Supplied material -
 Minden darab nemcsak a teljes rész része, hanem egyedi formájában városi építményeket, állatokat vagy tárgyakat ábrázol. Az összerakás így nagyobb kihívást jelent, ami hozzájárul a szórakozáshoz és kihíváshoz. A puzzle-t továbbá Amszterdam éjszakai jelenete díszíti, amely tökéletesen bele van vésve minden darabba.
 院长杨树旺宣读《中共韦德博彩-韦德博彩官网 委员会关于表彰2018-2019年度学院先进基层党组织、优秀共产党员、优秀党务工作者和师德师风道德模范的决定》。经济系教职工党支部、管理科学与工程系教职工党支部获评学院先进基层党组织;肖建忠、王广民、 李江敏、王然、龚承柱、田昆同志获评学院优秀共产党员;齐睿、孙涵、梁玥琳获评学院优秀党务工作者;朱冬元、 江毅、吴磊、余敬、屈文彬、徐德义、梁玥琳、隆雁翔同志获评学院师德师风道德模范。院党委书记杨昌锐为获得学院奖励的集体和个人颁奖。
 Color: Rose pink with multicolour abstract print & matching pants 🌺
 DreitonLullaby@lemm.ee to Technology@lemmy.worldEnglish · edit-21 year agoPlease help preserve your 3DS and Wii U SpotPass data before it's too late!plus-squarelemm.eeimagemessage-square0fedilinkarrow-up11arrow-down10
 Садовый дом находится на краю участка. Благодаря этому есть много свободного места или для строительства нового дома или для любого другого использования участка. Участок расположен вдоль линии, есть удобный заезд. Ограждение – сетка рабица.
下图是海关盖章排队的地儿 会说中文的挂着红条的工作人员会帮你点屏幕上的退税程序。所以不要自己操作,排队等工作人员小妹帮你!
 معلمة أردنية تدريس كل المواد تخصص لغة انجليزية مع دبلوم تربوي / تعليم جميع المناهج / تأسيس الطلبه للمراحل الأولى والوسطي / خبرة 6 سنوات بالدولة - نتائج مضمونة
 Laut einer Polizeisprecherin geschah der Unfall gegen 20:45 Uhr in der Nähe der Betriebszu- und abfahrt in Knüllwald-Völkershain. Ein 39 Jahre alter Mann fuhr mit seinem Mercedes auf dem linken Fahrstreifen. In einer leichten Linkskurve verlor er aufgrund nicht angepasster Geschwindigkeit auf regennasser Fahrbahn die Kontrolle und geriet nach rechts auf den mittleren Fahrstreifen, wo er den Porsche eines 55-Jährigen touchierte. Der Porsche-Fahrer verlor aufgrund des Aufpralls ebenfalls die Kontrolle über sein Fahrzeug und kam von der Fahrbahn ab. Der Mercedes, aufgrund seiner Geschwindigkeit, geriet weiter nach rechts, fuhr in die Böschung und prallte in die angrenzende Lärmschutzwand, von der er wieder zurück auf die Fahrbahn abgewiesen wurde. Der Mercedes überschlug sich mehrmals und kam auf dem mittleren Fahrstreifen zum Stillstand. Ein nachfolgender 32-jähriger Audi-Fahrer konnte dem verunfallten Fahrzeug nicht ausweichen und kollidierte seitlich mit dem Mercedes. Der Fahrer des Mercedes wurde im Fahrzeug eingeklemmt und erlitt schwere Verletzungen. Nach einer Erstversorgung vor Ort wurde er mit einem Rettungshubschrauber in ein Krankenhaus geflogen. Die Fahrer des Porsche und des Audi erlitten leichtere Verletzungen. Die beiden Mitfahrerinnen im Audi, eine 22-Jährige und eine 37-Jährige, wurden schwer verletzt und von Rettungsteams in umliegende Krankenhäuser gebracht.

Exercise goal - The answer should consist of the lines from the first line of the entries through the line with "下图是海关盖章排队的地儿 会", copied exactly.

Output for this task -
 Minden darab nemcsak a teljes rész része, hanem egyedi formájában városi építményeket, állatokat vagy tárgyakat ábrázol. Az összerakás így nagyobb kihívást jelent, ami hozzájárul a szórakozáshoz és kihíváshoz. A puzzle-t továbbá Amszterdam éjszakai jelenete díszíti, amely tökéletesen bele van vésve minden darabba.
 院长杨树旺宣读《中共韦德博彩-韦德博彩官网 委员会关于表彰2018-2019年度学院先进基层党组织、优秀共产党员、优秀党务工作者和师德师风道德模范的决定》。经济系教职工党支部、管理科学与工程系教职工党支部获评学院先进基层党组织;肖建忠、王广民、 李江敏、王然、龚承柱、田昆同志获评学院优秀共产党员;齐睿、孙涵、梁玥琳获评学院优秀党务工作者;朱冬元、 江毅、吴磊、余敬、屈文彬、徐德义、梁玥琳、隆雁翔同志获评学院师德师风道德模范。院党委书记杨昌锐为获得学院奖励的集体和个人颁奖。
 Color: Rose pink with multicolour abstract print & matching pants 🌺
 DreitonLullaby@lemm.ee to Technology@lemmy.worldEnglish · edit-21 year agoPlease help preserve your 3DS and Wii U SpotPass data before it's too late!plus-squarelemm.eeimagemessage-square0fedilinkarrow-up11arrow-down10
 Садовый дом находится на краю участка. Благодаря этому есть много свободного места или для строительства нового дома или для любого другого использования участка. Участок расположен вдоль линии, есть удобный заезд. Ограждение – сетка рабица.
下图是海关盖章排队的地儿 会说中文的挂着红条的工作人员会帮你点屏幕上的退税程序。所以不要自己操作,排队等工作人员小妹帮你!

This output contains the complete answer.